The actual church façade is entirely in stone blocks, and is in three zones. The side ones are narrower, and are longitudinal. The central one has an angle of about sixty degrees, and so looks a little like the prow of a boat. A column in white occupies the tip of the angle, reaching almost to the horizontal roofline. This divides two entrance portals, large rectangular apertures leading into a trapezoidal lobby. Above, the column is flanked by two large vertical window strips beginning immediately above the portals, and which each have a further vertical rectangular appended above the portal to give the shape of an L.
The two side zones each have an incised window strip in the inner corner, reaching about halfway up. A very small vertical rectangular window is near the outer corner of the roofline. The roofline itself starts with three steps going down from the outer corner, and then rises vertically to a horizontal portion at the same level as that of the central zone.
Interior[]
The laminated and varnished wooden barrel roof is impressive. It is supported by horizontal beams borne by white concrete columns, and has thin wooden truss-beams. The walls are mostly rendered in white.
The sanctuary arrangements are structurally complicated, and a bit fiddly. The rood ends in a large lunette in stone block courses, containing a window fitting into the curve at the top and having three steps down and up at the bottom. Below the lunette is a grey concrete beam having a horizontal angle, echoing the façade.

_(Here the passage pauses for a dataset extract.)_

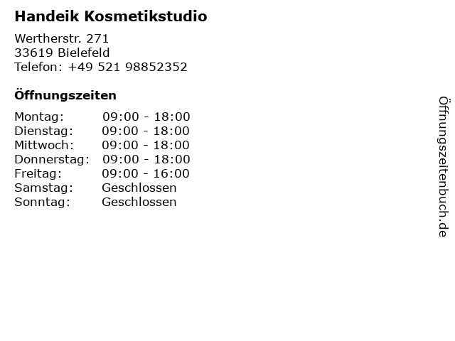 | Öffnungszeiten Handeik Kosmetikstudio in Bielefeld anzeigen | |

Below this in turn is a shallow inverted apse -the wall is bowed, and is also in exposed stone blocks. The central zone of the curve is brought forward slightly and the blocks here are laid randomly and are of different sizes. The two side zones have the blocks laid in courses. A zone at the top, above a second angle-beam, is angled instead of curved and fits into the angle of both beams. This inverted apse composition is flanked by a pair of engaged square brick piers.

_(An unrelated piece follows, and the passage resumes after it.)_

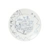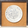 Plato conmemorativo en cerámica esmaltada de la boda del crítico y profesor de arte Rafael Santos Torroella (1914-2002) con María Teresa Bermejo Hernández (1919-2013), en la cual Joan Miró ejerció como padrino. Nombre de la madrina, Anita Solà d’Imbert, y nombres de los padrinos, Sixte Illescas, Victor Mª d’Imbert y Joan Prats, esmaltados en el asiento. Firmado y fechado el 18 de febrero de 1950 en el asiento. Numerado 16/24 al dorso. Bibliografía: Reproducido en el libro «Col·lecció Riera: anys 40: Centre d’Art Santa Mònica, del 22 de setembre al 31 de desembre de 1994», Pág. 75. Edita Generalitat de Catalunya. Departament de Cultura. Barcelona, 1994. En formato digital.

A pair of columns support the two angle-beams, and lower down each has a short beam joining it to the adjacent brick pier. A much larger column behind the altar supports the angle-tips of the main beams, and from it a pair of exposed horizontal beams with slightly wavy bottom edges run across to the back side walls of the church.
This larger central pillar has a bronze relief of The Apotheosis of St Sebastian.
The altar frontal is a very impressive piece, especially if it is modern and not 17th century. It is polychrome marble opus sectile work, including a background in green verde antico marble and a panel in alabaster. Curlicues surround a central elliptical medallion in lapis lazuli, bearing the sacred monogram IHS.
The tabernacle is in the far wall to the left in the sanctuary. Its circular bronze door has a relief of loaves and fishes, and is surrounded by a radial polychrome mosaic glory which includes red discs evoking drops of blood.
Liturgy[]
Church[]
Mass was celebrated on weekdays in recent years at 8:00 (not Monday).
The Diocese advertises these Sunday Masses (July 2018)
Saturdays and eves of Solemnities 18:00;
Sundays and Solemnities 8:00, 10:00, 11:30, 18:30.
Subsidiary churches[]
The parish has two subsidiary churches:
San Giovanni Battista a Cesano
The church of San Martino della Scuola di Fanteria is close by, but is administered by the Ordinariato militare per l'Italia which has the spiritual responsibility for Italy's armed forces.